A Anzahlungsbürgschaft (Vorauszahlungsbürgschaft)

Definition :
Verbürgt werden Ansprüche des Auftraggebers auf Rückzahlung geleisteter Voraus- und Anzahlungen gegen seinen Auftragnehmer.
Ablauf :
Der Auftraggeber leistet eine Anzahlung an seinen Auftragnehmer etwa zur Abdeckung der Kosten für die Materialbeschaffung. Das Risiko des Verlustes dieser Vorleistung z. B. wegen Insolvenz des Auftragnehmers sichert die Anzahlungsbürgschaft ab.
Zielgruppe :
Unternehmen, die für Vorleistungen Anzahlungen verlangen, vereinbaren oder von ihren Auftraggebern angeboten bekommen.
 
A Bürgschaft zur Absicherung von Arbeitszeitkonten

Definition :
Absicherung von Arbeitszeitguthaben auf Ausgleichs- und Entgeltkonten.
Ablauf :
Die Mitarbeiter eines Unternehmens haben die Möglichkeit auf einem Arbeitszeitkonto Stunden aus Mehrarbeit anzusammeln. Lässt es das Arbeitsaufkommen zu, werden diese wieder abgebaut. Für den Fall der Insolvenz des Unternehmens werden die aufgelaufenen Zeitguthaben über eine Bürgschaft abgesichert.
Zielgruppe :
Unternehmen, deren Mitarbeiter flexible Arbeitszeitregelungen nutzen.
Hinweis :
Abgesichert werden kurzfristige Arbeitszeit- und Entgeltkonten, die in der Regel innerhalb eines Jahres auf- und abgebaut werden.
 
A Bürgschaft zur Absicherung von Architekten- und Ingenieurleistungen

Definition :
Anzahlungs-/Vorauszahlungsbürgschaft für Architektenleistungen.
Ablauf :
Ein Architekt/Ingenieur übernimmt nach Baufertigstellung die Bau-/Objektbetreuung in der Gewährleistungsphase.
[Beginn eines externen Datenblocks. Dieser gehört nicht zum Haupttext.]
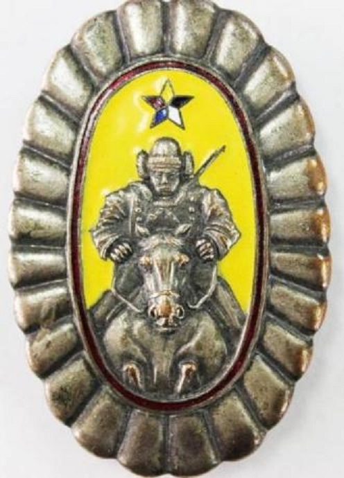 According to the Okorokov this badge was approved in 1944. The badge is a silver-colored coat of arms shield; in the central part of the shield, diagonally, there are three ribbons of Russian national colors (white-blue-red). At the bottom of the shield placed a kanji for the area/city, The...

Das Honorar steht ihm grundsätzlich erst nach Ablauf der Gewährleistungsfrist zu. Bis zu diesem Zeitpunkt hat der Architekt/Ingenieur die Mängel zu betreuen (Überwachung und Dokumentation nach dem Leistungsbild des § 15 HOAI, Leistungsphase 9) ohne eine Gegenleistung dafür zu erhalten. Die Bürgschaft sichert den Anspruch des Bauherren auf Rückzahlung des Honorars für den Fall der Insolvenz des Architekten ab.
Zielgruppe :
Architekten/Ingenieure.
 
A Ausführungsbürgschaft

Definition :
Sicherheit für die Einhaltung der vom Auftragnehmer gegenüber dem Auftraggeber übernommenen vertraglichen Verpflichtungen zur Ausführung bis zur (Gebrauch) Abnahme des Gewerkes.
Ablauf :
Der Auftragnehmer hat aus dem Werkvertrag Verpflichtungen zu erfüllen. Zur Absicherung dieser Leistungsverpflichtungen des Auftragnehmers lässt sich der Auftraggeber z. B. für den Fall der Insolvenz des Auftragnehmers eine Bürgschaft als Sicherheit geben. Mit Abnahme der Leistung wird die Bürgschaft zurückgegeben.
Zielgruppe :
Bauunternehmen, Bauhandwerker, Bauträger und Generalunternehmer, Unternehmen des Maschinen- und Anlagenbaus sowie des Garten- und Landschaftsbaus.
Hinweis :
Ist auch Bestandteil der Vertragserfüllungsbürgschaft. Konventionalstrafen sind nicht Gegenstand der Bürgschaft. Die Bürgschaftssumme beträgt in der Regel 10 % vom Auftragswert. A

Bürgschaft nach § 1a Arbeitnehmerentsendegesetz, § 28e Sozialgesetzbuch IV
Definition :
Absicherung des Regresses, wenn der Unternehmer Sozialversicherungsbeiträge und Arbeitnehmerentgelte zahlt, die der von ihm beauftragte Subunternehmer oder Arbeitnehmerverleiher nicht erbracht hat.
Ablauf :
Ein Unternehmer (A) beauftragt einen anderen Unternehmer (B) mit der Erbringung von Bauleistungen. A haftet für die Verpflichtung von B zur Zahlung des Mindestentgelts und zur Abführung der Sozialversicherungsbeiträge der Mitarbeiter des B. Den Erstattungsanspruch gegen B lässt A sich durch eine Bürgschaft absichern.
Zielgruppe :
Unternehmen, die als Nachunternehmer mit der Erbringung von Bauleistungen beauftragt werden oder Arbeitskräfte leihen.